What you should do:
Return the lines of the data below, from the one containing "A hearty selection" through the very last, exactly and with both ends included; no pictures.

─── Data section

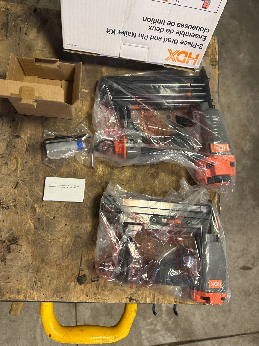 Selling a HDX 2-Piece Brad and Pin Nailer Kit. Includes (1) Brad Nailer, (1) Pin Nailer and Accessories. Comes with a dual-spring magazine and includes 200 fasteners for each gun. Also features an automatic reload indicator and a 360° adjustable exhaust. Box included
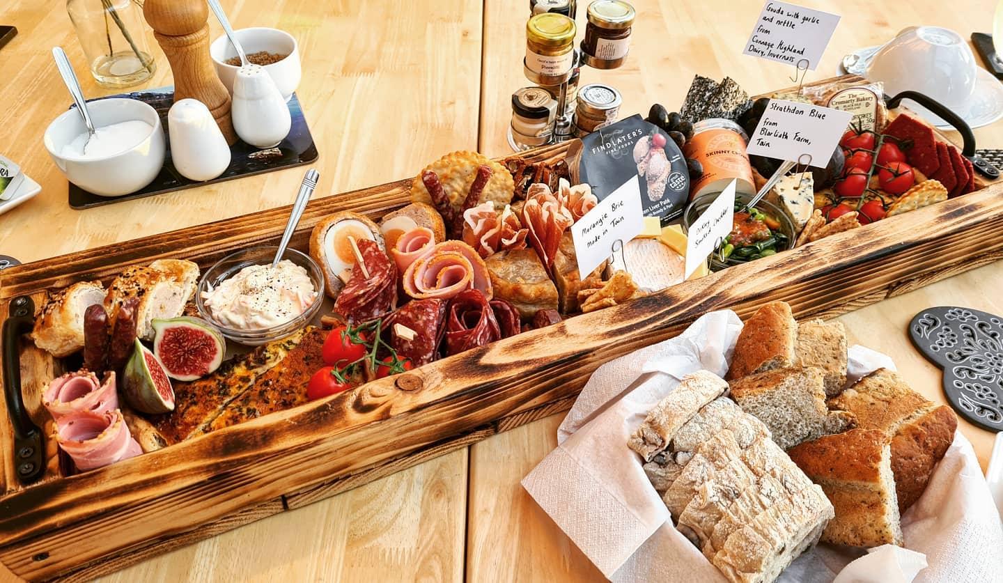 A hearty selection of Scottish cold meats. Also includes home made pork pie, gala pie, sausage roll and scotch egg, locally baked bread and a range of accompaniments.
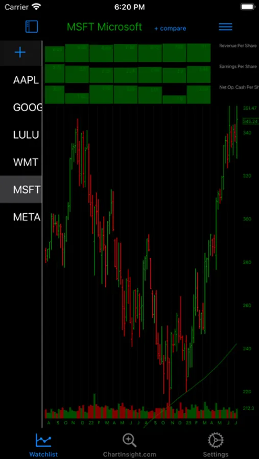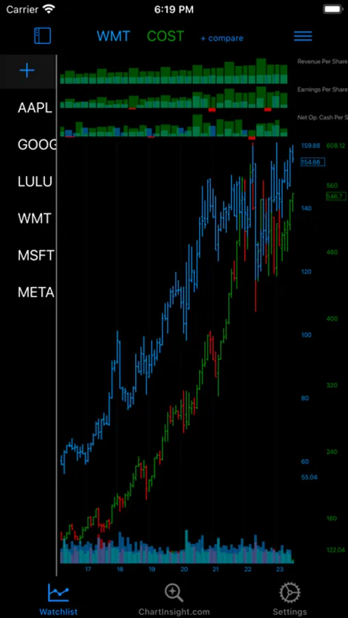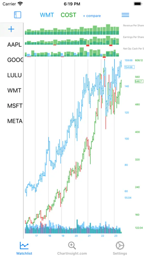 + Compare multiple stocks using candlestick charts, or a mix of close-only and candlestick styles

──────

Exercise answer:
 A hearty selection of Scottish cold meats. Also includes home made pork pie, gala pie, sausage roll and scotch egg, locally baked bread and a range of accompaniments.
 + Compare multiple stocks using candlestick charts, or a mix of close-only and candlestick styles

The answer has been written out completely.